The removal efficiency and insight into the mechanism of para arsanilic acid adsorption on Fe-Mn framework.

Para arsanilic acid (p-ASA) is extensively used as feed additives in poultry industry, resulting contaminates soil and natural water sources through the use of poultry litter as a fertilizer in croplands. Thus, removal of p-ASA prior to its entering environments is significant to control their environmental risk. Herein, we studied Fe-Mn framework and cubic Fe(OH)3 as promising novel adsorbents for the removal of p-ASA from aqueous solution.
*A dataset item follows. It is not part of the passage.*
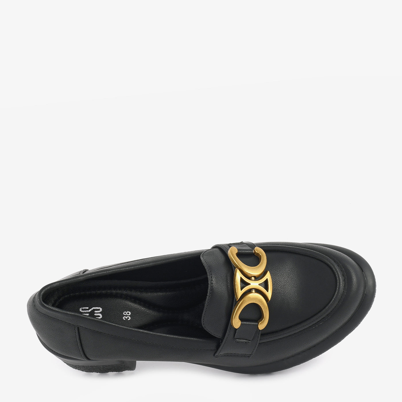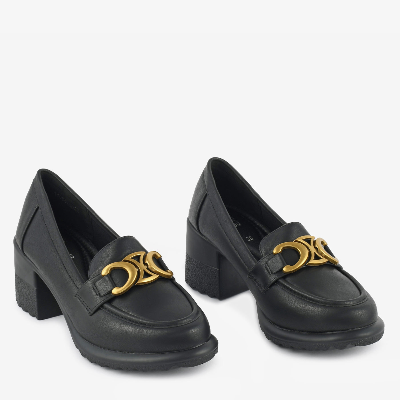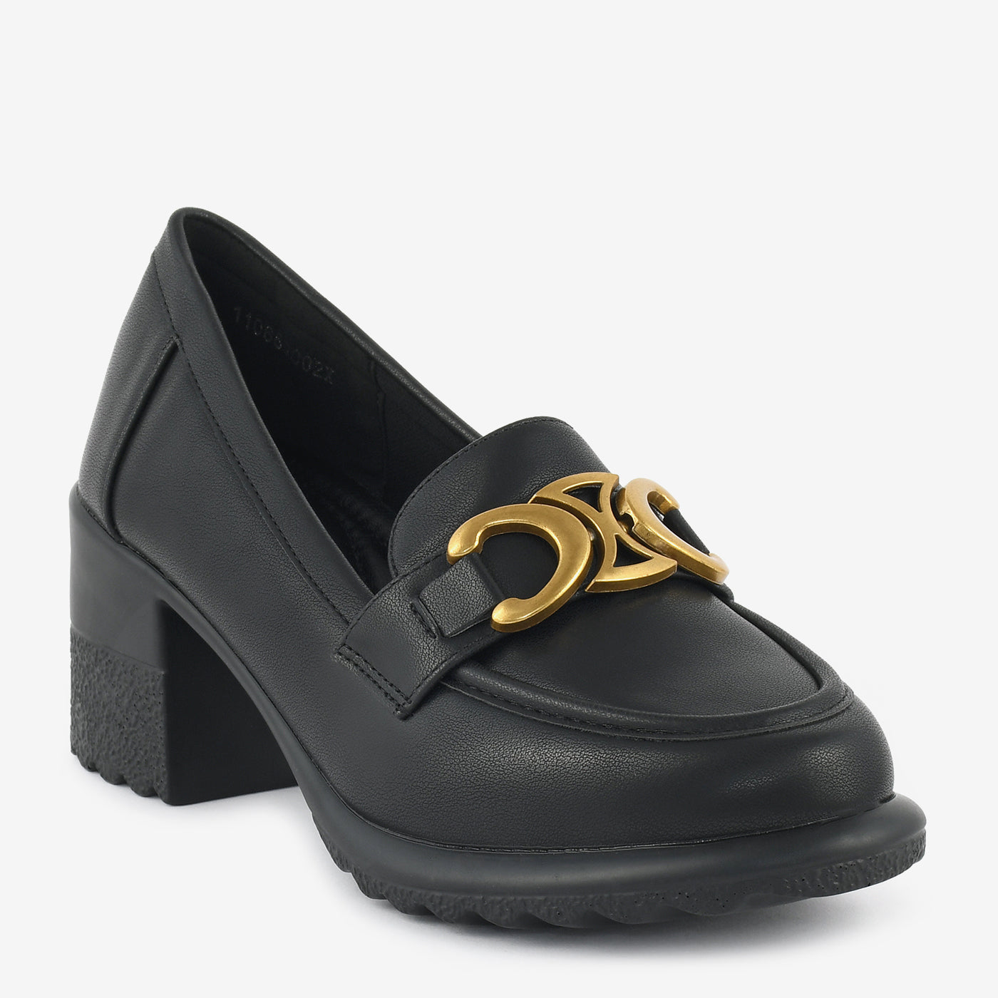 A refined block-heel loafer designed with a statement metallic ornament for a touch of edge. Its structured shape and cushioned base provide all-day comfort without compromising on elegance. Ideal for office wear or polished casual looks.

The chemical and micro-structural properties of Fe-Mn framework and cubic Fe(OH)3 materials were characterized by X-ray diffraction patterns (XRD), nitrogen adsorption (SBET), zeta (ζ-) potential, scanning electron microscopy (SEM), Fourier transform infrared spectroscopy (FTIR), and X-ray photoelectron spectra (XPS). The maximum adsorption capacity for p-ASA on Fe-Mn framework and cubic Fe(OH)3 was determined to be 1.3mmolg-1 and 0.72mmolg-1 at pH4.0, respectively. Adsorption of p-ASA decreased gradually with increasing pH indicated that adsorption was strongly pH dependent. Azophenylarsonic acid was identified as an oxidation intermediate product of p-ASA after adsorption on Fe-Mn framework. Plausible removal mechanism for p-ASA by Fe-Mn framework was proposed. The obtained results gain insight into the potential applicability of Fe-Mn framework, which can be potentially important for the removal of p-ASA from water.